Take a look at Matt Potter’s story yesterday in the Reader on the history of the Gray Davis recall, the rise of Arnold Schwarzenegger and the role of Darrell Issa.
Using a sex scandal as pretext, the people of San Diego are about to be screwed over
by the usual vested interests, and Doug Porter suggests we find solace and renewed purpose in a Labor Day speech by Richard Barrera? I don’t think so.
You’re welcome to disagree with me, Frances, but please don’t let your anger put words in my mouth.
I am quoting your exact words ,Doug.
You have essentially written off the flawed “electoral process” and exhort the faithful to revert to some communitarian vision of “activism,” under Labor’s umbrella, working together.
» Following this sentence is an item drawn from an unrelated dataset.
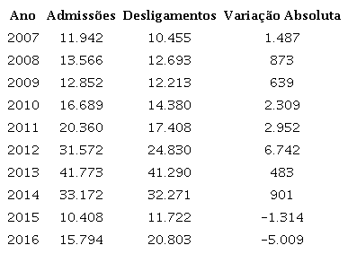 Os anos de 2010, 2011 e 2012 foram os que apresentaram as maiores variações absolutas positivas do período. Embora o número de empregos gerados tenha aumentado substancialmente nesse período, os desligamentos cresceram em proporções semelhantes, ambos provavelmente impulsionados pela constante movimentação e troca de empregos ocorrida, sobretudo, na indústria naval. Na série observada, os únicos anos a apresentar variação absoluta negativa foram 2015 e 2016, evidenciando os efeitos da crise em Rio Grande. O setor de serviços liderou o número de desligamentos de trabalhadores na cidade em 2015, com um total de 4.174 demissões, seguido do Comércio, com 3.744, e da Indústria de Transformação, com 2.627 demissões (BRASIL, 2017).

Like on what? A new stadium? Convention Center expansion?
In the face of a crushing insult to all voters — getting rid of the elected liberal Mayor by any means necessary — this is your default position? Let’s just say it’s disappointing and premature and let it go at that.
Frances:
And I am very happy about the modest tax increases made in the last election. I do not see this oft-stated equivalence between a for-profit business like a football stadium, and a public library. As Andy commented in his article about it, the extra monies are just starting to trickle in.
I hope there has been a real sea change in attitude, and would like to see the excellent idea in Doug’s piece, about not waiting for change to come from on high, continue. That coalition, however, would be a return to the loyal opposition and scraps for the multitudes, without someone like Filner as Mayor. Reconciliation for the entrenched is subservience on the part of the hoi polloi, you know that’s true. But I agree with Doug that if Filner leaves, we should keep going. If he perseveres, I think his agenda will succeed.
Doug:
At the risk of beating a dead horse, I have one further thought on the issues vs. public servants route to good government. I think all levels of government need to function in harmony for the best result, and when the citizens have good laws implemented by those who have the opposite view, feet are dragged in implementation and exceptions and waivers are handed out like candy. There is nothing like having someone with a good government and social justice viewpoint at the helm. That goes for other offices as well.
Whoops, did I say “one further”? Well, I forgot to mention the underlying thought: people do not want to live as governors themselves. They have other things to do, and most just want the bureaucrats to run the government well so they can run their own businesses and lives without also constantly worrying about making up laws via initiative and proposition. There is a reason why legislators are also called lawmakers. That is their job.